The data:
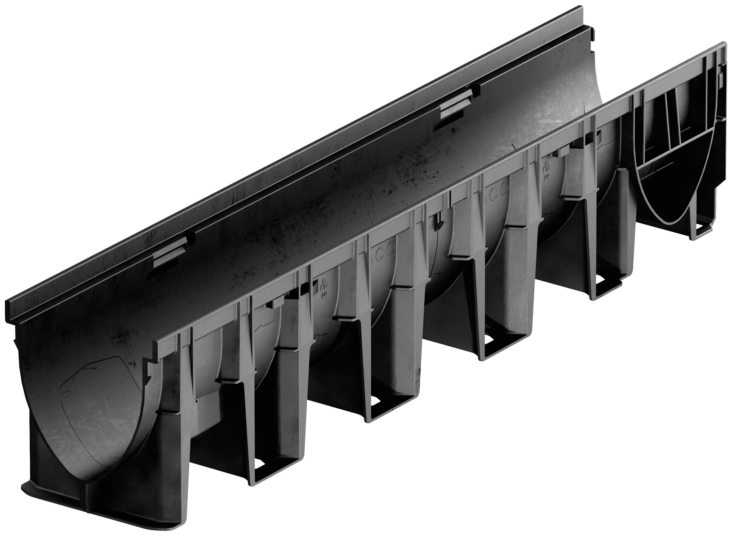 Markränna i polypropen med sargkant polypropen. Utan fall. V-tvärsnitt. "Knock-out" för anslutningar
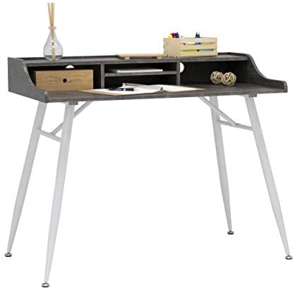 • Calico Designs Woodford 45” Wide Modern, Secretary, Writing, Desk with Low Storage Hutch and Whtie Metal Tapered Legs in Marbled Dark Grey, White
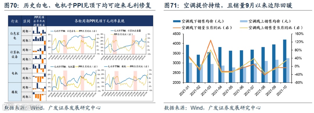 当前来看,白电、电机的毛利率存在企稳复苏迹象。空调价格自今年5月起持续抬升,销量增速亦于9月边际回暖;受益于新能源汽车等下游需求,电机毛利率亦有望底部修复。
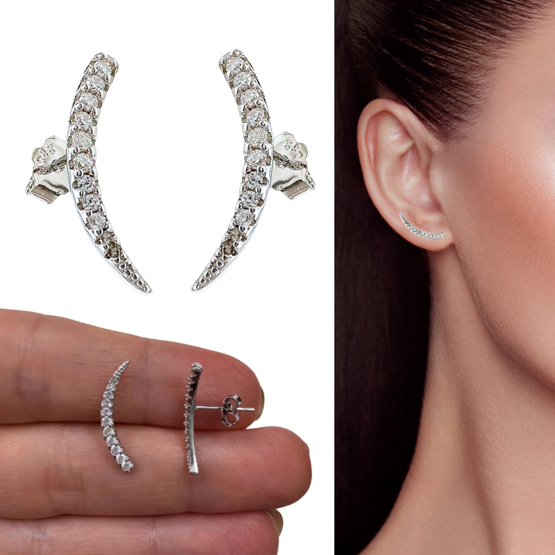 PENDIENTES PLATA DE LEY EN FORMA DE TREPADOR FORMADO POR CIRCONITAS DE MAYOR A MENOR, CON CIERRE DE PRESIÓN CENTRADO

Try it: Output precisely the lines in the material above from the line containing "Dark Grey, White" through its last line, and omit pictures.

Reply to the task:
 • Calico Designs Woodford 45” Wide Modern, Secretary, Writing, Desk with Low Storage Hutch and Whtie Metal Tapered Legs in Marbled Dark Grey, White
 当前来看,白电、电机的毛利率存在企稳复苏迹象。空调价格自今年5月起持续抬升,销量增速亦于9月边际回暖;受益于新能源汽车等下游需求,电机毛利率亦有望底部修复。
 PENDIENTES PLATA DE LEY EN FORMA DE TREPADOR FORMADO POR CIRCONITAS DE MAYOR A MENOR, CON CIERRE DE PRESIÓN CENTRADO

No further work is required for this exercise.